Home Pastors Videos For Pastors How Matt Chandler Organizes His Day as a Pastor

How Matt Chandler Organizes His Day as a Pastor

17392


Failing to spend time with God throughout the day, every day “is a foolish punt of our rights as children of God.” That’s according to Pastor Matt Chandler of the Village Church. Chandler intentionally organizes his day, week, month and year around specific goals for meeting with and celebrating God.

In this video Chandler reveals his “rule of life” for a day, but quickly adds that his schedule is inconsistent and messy.

How Pastor Matt Chandler Schedules His Day

Pastor Matt Chandler arises at 5:00 am and reads his Bible for the next hour. He said there’s nothing magic about that time. He gets up at 5:00 because his children awake at 6:00 and he finds it impossible to read and study until “my kids start eating like human beings.”  He jokingly said he can’t read his Bible while his children are slurping cereal—“It does something weird to my soul.”

For the next hour or so he helps get his kids ready for their day and then leaves for the office. On the short drive to the church he prays through his calendar. He asks God for supernatural wisdom to be able to see possibilities and problems in every meeting and plan.

His schedule is designed to allow a 10 minute gap between each meeting or task to allow him to pray about the next duty and to orient his heart around the need for God to be involved. Chandler said the respite helps prevent his day from “cascading out of control.”

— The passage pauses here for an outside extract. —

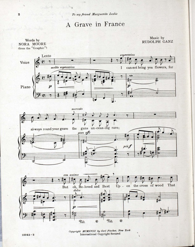 Ganz, Rudolph, 1877-1972. 2000. “A Grave in France Words by Nora Moore ; Music by Rudolph Ganz”. New York (Cooper Square) : Carl Fischer, World War I Sheet Music, accessed February 12, 2026, https://digitalexhibits.library.wustl.edu/s/wwimusic/item/35643

Before he leaves for lunch Chandler reads a chapter from the book “Valley of Vision” a collection of Puritan prayers and meditations.  He also prayers for who will be joining him at lunch. On way back to the office he prays about his afternoon schedule.

Chandler calls his preparation to leave for the day one of the most important periods. He said it’s easy for him to be frustrated by goals that weren’t achieved and he doesn’t want to take that frustration home to his family, so he takes stock of his heart and realizes that the task undone will be there when he returns. The realization allows him to focus on responsibilities as husband and father.

At bedtime, he recounts how God heard his prayers and answered them and reminds himself that nothing he did that day affects God’s love for him.

On Wednesday’s, Chandler fasts from breakfast and lunch. He said the hunger is a reminder that he desires fellowship with God more than food.

Once a week the family has devotions, but like his daily schedule, the time tends to be inconsistent and messy.

Every month he schedules “The Day.”  On that day he does not turn on his phone or computer. Instead Chandler spends time with his Bible and God. He calls it, “my hardest day,” adding, “I know it’s good for the heart and I know it’s difficult. I get wore out on sitting and praying. I’d rather be doing something.”  But that he said, is the drift we all have toward self reliance.

Every Year Chandler celebrates advent, New Year’s Day and Easter.  His family joins a group of friends on those days filled with food, drink and fun. He asked, “What’s broken in us that we can’t celebrate these things?”

It’s a reminder and an invitation into our privilege of the power and presence of God, not in the tabernacle or ritual, through a living invitation to dwell in and with the spirit of God. Think how it might mark us as a community of faith.

And Chandler said we and those around us enjoy benefits because we are at our best when we’re in the presence of God.